This work is inspired by empirical observations showing that a CNN has a tendency in learning superficial statistics (Jo and Bengio, 2017; Wang et al., 2019). Jo and Bengio (2017) showed that there is a large generalization gap between images of different frequency-domain perturbations of the same model. Guo et al. (2018a) showed that the adversarial attack is particular effective if the perturbations are constrained in low-frequent space, which was further analyzed by Sharma et al. (2019), who also showed that the low-frequent perturbations are perceivable to human. The major difference between our paper and (Guo et al., 2018a; Sharma et al., 2019) is that we connect the model’s behavior on original images to that on high-frequency components and explain model’s generalization behavior based on this connection. On the function space, Rahaman et al. (2018) and Xu et al. (2019) showed that the networks tend to learn simple low-frequent functions through Fourier transform analysis.

6 Conclusion

We started with an empirical observation suggesting that CNN can exploit high-frequency components of an image, and led to Remark 1 stating that the unintuitive generalization behavior is partially due to that CNN perceive the data at a much higher granularity than human. We consider Remark 1 as the main contribution of this paper. Building around this main contribution, we discussed the trade-off between robustness and accuracy and then proposed defense and attack methods. The experimental results suggested that Remark 1, although initially based on observations from specific examples, is one of the reasons accounting for CNN’s unintuitive generalization behaviors.

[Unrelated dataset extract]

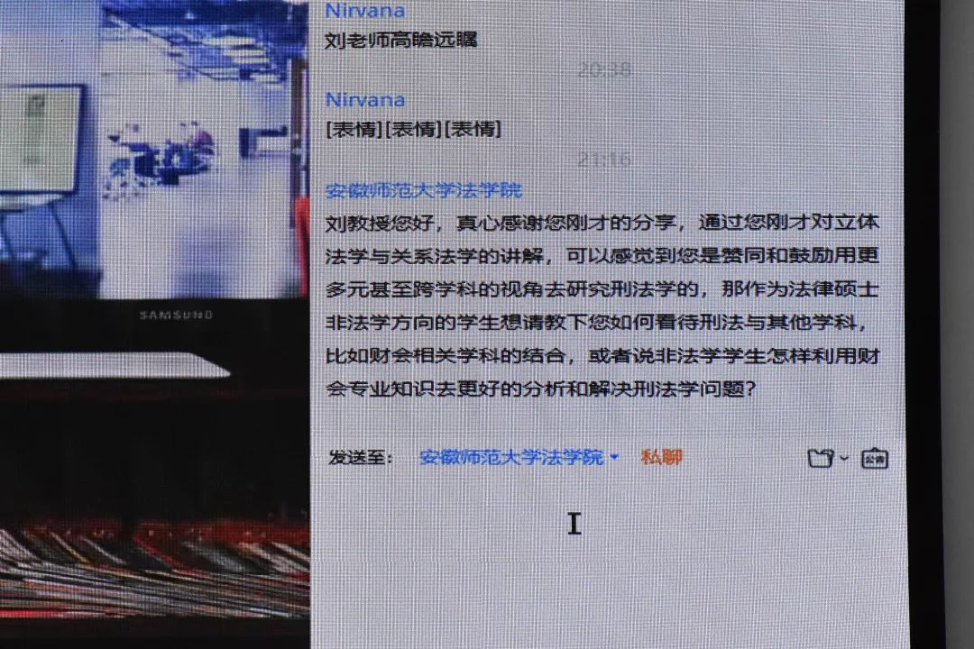 主讲环节结束后,刘仁文老师与公司师生进行了交流。就刑事政策的执行问题,常识常理常情与刑事政策的关系问题,预防必要性如何判断等问题,他认为,常识常理常情通过刑事政策的通道影响立法和司法,应当在报应刑的范围内考量预防刑,在个别案件中防止过度强调一般预防,需罚性主要基于刑事政策的考虑。针对社会舆论与二审改判的关系,他认为,在一些热点案件中,从总体上来看,二审改判的法律效果和社会效果比较好,二审考虑的因素更多,面对的压力更大,但是应当更符合司法规律。针对刑法与其他法律之间的关系,刑法学与其他学科之间的关系。他认为,应然与实然应当区分开;非法本法硕的员工,可以利用自己的专业知识,找到刑法的切入点,发挥优势,成为社会需要的人才。跨学科的理念很重要,但是在实践中有待探索。

Finally, we need to clarify that our Remark 1 is probably only one of the explanations to the unintuitive generalization behavior of CNN, and there may exist other features that are also captured by the CNN and imperceptible to a human. However, to the best of our knowledge, we are the first work to go beyond statistical arguments and offer some physical explanations to the generalization behavior of CNN. Hopefully, this work has emphasized the importance of understanding the nature of data and can inspire new branches of studies focusing on the data perspective.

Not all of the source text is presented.